In [37]:
from pathlib import Path

import torch
import torch.nn as nn
import torch.nn.functional as F
from datasets import DatasetDict, load_dataset
from huggingface_hub import HfFolder
from transformers import (
    AutoModelForSequenceClassification,
    AutoTokenizer,
    DataCollatorWithPadding,
    Trainer,
    TrainingArguments,
)

In [30]:
student_id = "google/bert_uncased_L-2_H-128_A-2"
teacher_id = "textattack/bert-base-uncased-SST-2"

repo_name = "tiny-bert-sst2-distilled"

cache_dir = Path(".cache")
output_dir = Path("output")

## Check Teacher and Student tokenizer output
Knowledge distillation will only work if `Teacher` and `Student` have the same tokenizer!

In [13]:
teacher_tokenizer = AutoTokenizer.from_pretrained(teacher_id, cache_dir=cache_dir)
student_tokenizer = AutoTokenizer.from_pretrained(student_id, cache_dir=cache_dir)

sample = "Sample that tests the tokenizer"

assert teacher_tokenizer(sample) == student_tokenizer(
    sample
), "Tokenizers are different"

## Dataset
[Stanford Sentiment Treebank v2 (SST-2)](https://paperswithcode.com/dataset/sst) <br>
Labels: positive/negative

In [8]:
dataset_id = "glue"
dataset_config = "sst2"

In [15]:
dataset = load_dataset(dataset_id, dataset_config, cache_dir=cache_dir)

In [17]:
dataset["train"]

Dataset({
    features: ['sentence', 'label', 'idx'],
    num_rows: 67349
})

### Pre-processing and Tokenization
Converting dataset text into token IDs

In [22]:
def process(example: DatasetDict) -> DatasetDict:
    tokenized_inputs = teacher_tokenizer(
        example["sentence"], truncation=True, max_length=512
    )
    return tokenized_inputs

In [20]:
type(dataset)

datasets.dataset_dict.DatasetDict

In [23]:
tokenized_dataset = dataset.map(process, batched=True)
tokenized_dataset = tokenized_dataset.rename_column("label", "labels")

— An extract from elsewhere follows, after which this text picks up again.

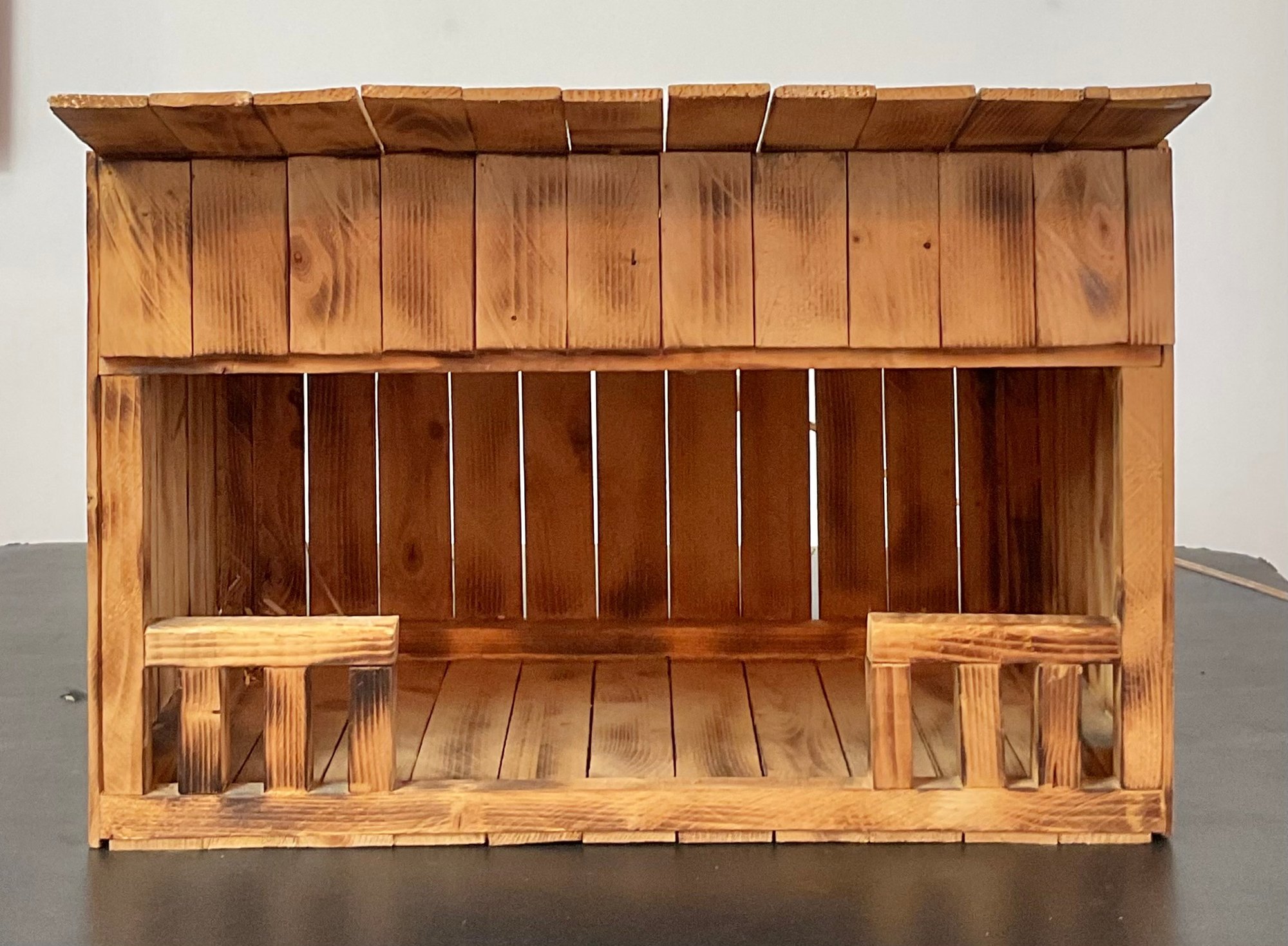 Wood Nativity Creche W/ Light - 12” tall x 17.5” long x 16” wide - good used condition

tokenized_dataset["test"].features

Map:   0%|          | 0/67349 [00:00<?, ? examples/s]

Map:   0%|          | 0/872 [00:00<?, ? examples/s]

Map:   0%|          | 0/1821 [00:00<?, ? examples/s]

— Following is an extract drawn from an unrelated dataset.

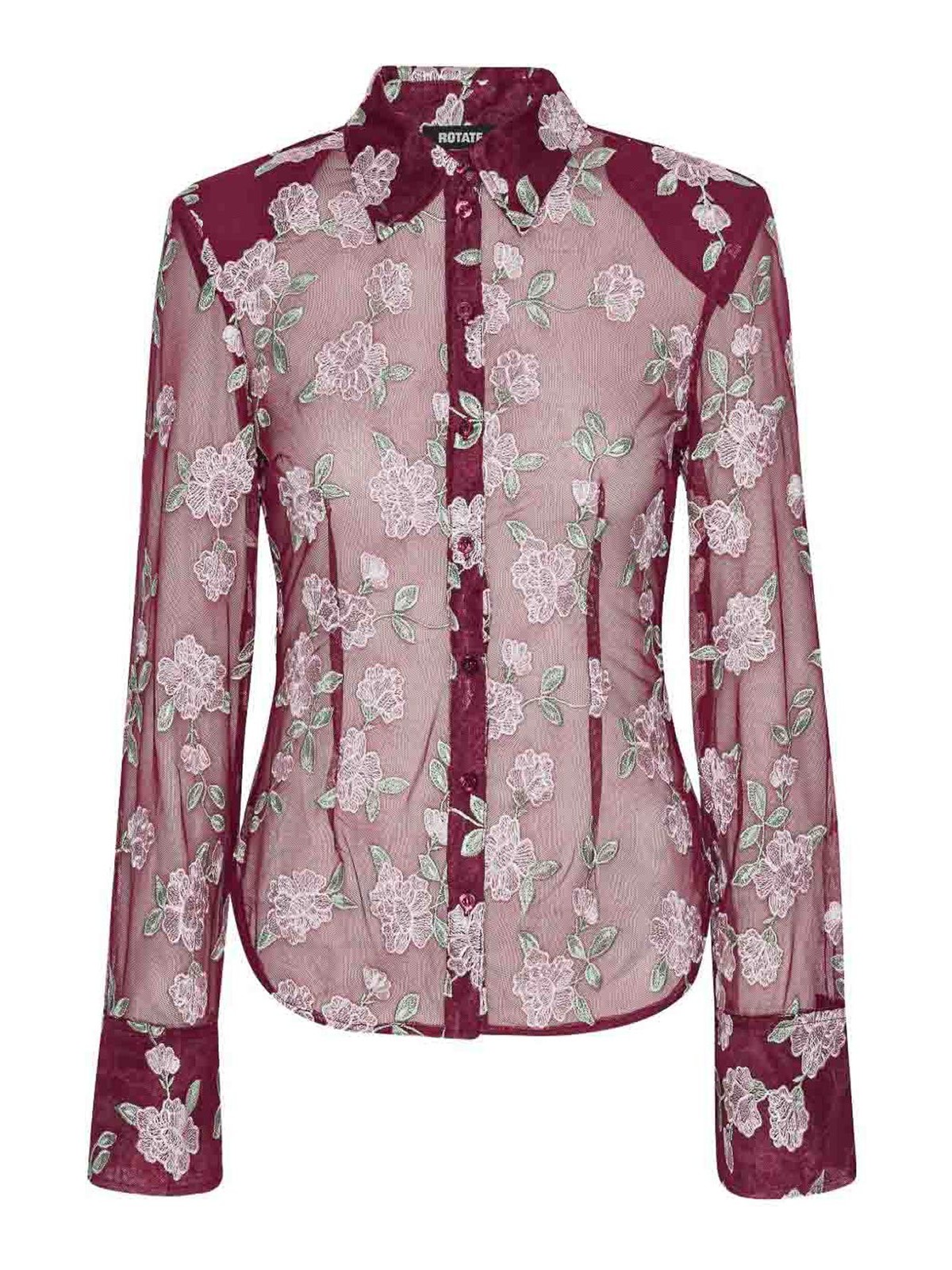A sophisticated, semi-sheer burgundy shirt by rotate, embellished with sophisticated floral embroidery. the elegant design features long sleeves and a front button closure for a feminine and bold look, perfect for both casual and evening wear, rotate, shirt, burgundy, semi-sheer fabric, floral embroidery, long sleeves, front buttons, sophisticated and bold look

{'sentence': Value(dtype='string', id=None),
 'labels': ClassLabel(names=['negative', 'positive'], id=None),
 'idx': Value(dtype='int32', id=None),
 'input_ids': Sequence(feature=Value(dtype='int32', id=None), length=-1, id=None),
 'token_type_ids': Sequence(feature=Value(dtype='int8', id=None), length=-1, id=None),
 'attention_mask': Sequence(feature=Value(dtype='int8', id=None), length=-1, id=None)}

## Model Distillation with `PyTorch` and `DistillationTrainer`

In [25]:
class DistillationTrainingArguments(TrainingArguments):
    def __init__(self, *args, alpha=0.5, temperature=2.0, **kwargs):
        super().__init__(*args, **kwargs)
        self.alpha = alpha
        self.temperature = temperature

In [26]:
class DistillationTrainer(Trainer):
    def __init__(self, *args, teacher_model=None, **kwargs):
        super().__init__(*args, **kwargs)
        self.teacher = teacher_model
        self._move_model_to_device(self.teacher, self.model.device)
        self.teacher.eval()

    def compute_loss(
        self, model, inputs, return_outputs: bool = False, num_items_in_batch=None
    ):
        outputs_student = model(**inputs)
        student_loss = outputs_student.loss

        with torch.no_grad():
            outputs_teacher = self.teacher(**inputs)

        assert (
            outputs_student.logits.size() == outputs_teacher.logits.size()
        ), "Logits size of student and teacher should match, student: {}, teacher: {}".format(
            outputs_student.logits.size(), outputs_teacher.logits.size()
        )

        # Soften probabilities and compute distillation loss
        loss_function = nn.KLDivLoss(reduction="batchmean")
        loss_logits = loss_function(
            F.log_softmax(outputs_student.logits / self.args.temperature, dim=-1),
            F.softmax(outputs_teacher.logits / self.args.temperature, dim=-1),
        ) * (self.args.temperature**2)
        # Weighted student loss
        loss = self.args.alpha * student_loss + (1 - self.args.alpha) * loss_logits
        return (loss, outputs_student) if return_outputs else loss

### Hyperparameters Definition

In [None]:
labels = tokenized_dataset["train"].features["labels"].names
# labels: ['negative', 'positive']
num_labels = len(labels)
label2id = {label: i for i, label in enumerate(labels)}
id2label = {i: label for label, i in label2id.items()}

training_args = DistillationTrainingArguments(
    output_dir=output_dir,
    num_train_epochs=7,
    per_device_train_batch_size=128,
    per_device_eval_batch_size=128,
    fp16=True,
    learning_rate=6e-5,
    seed=33,
    # Logging and evaluation strategy
    logging_dir=output_dir / "logs",
    logging_strategy="epoch",
    evaluation_strategy="epoch",
    save_strategy="epoch",
    save_total_limit=2,
    load_best_model_at_end=True,
    metric_for_best_model="accuracy",
    report_to="tensorboard",
    # Push to hub parameters
    push_to_hub=False,
    # hub_strategy="every_save",
    # hub_model_id=repo_name,
    # hub_token=HfFolder.get_token(),
    # Distillation parameters
    alpha=0.5,
    temperature=4.0,
)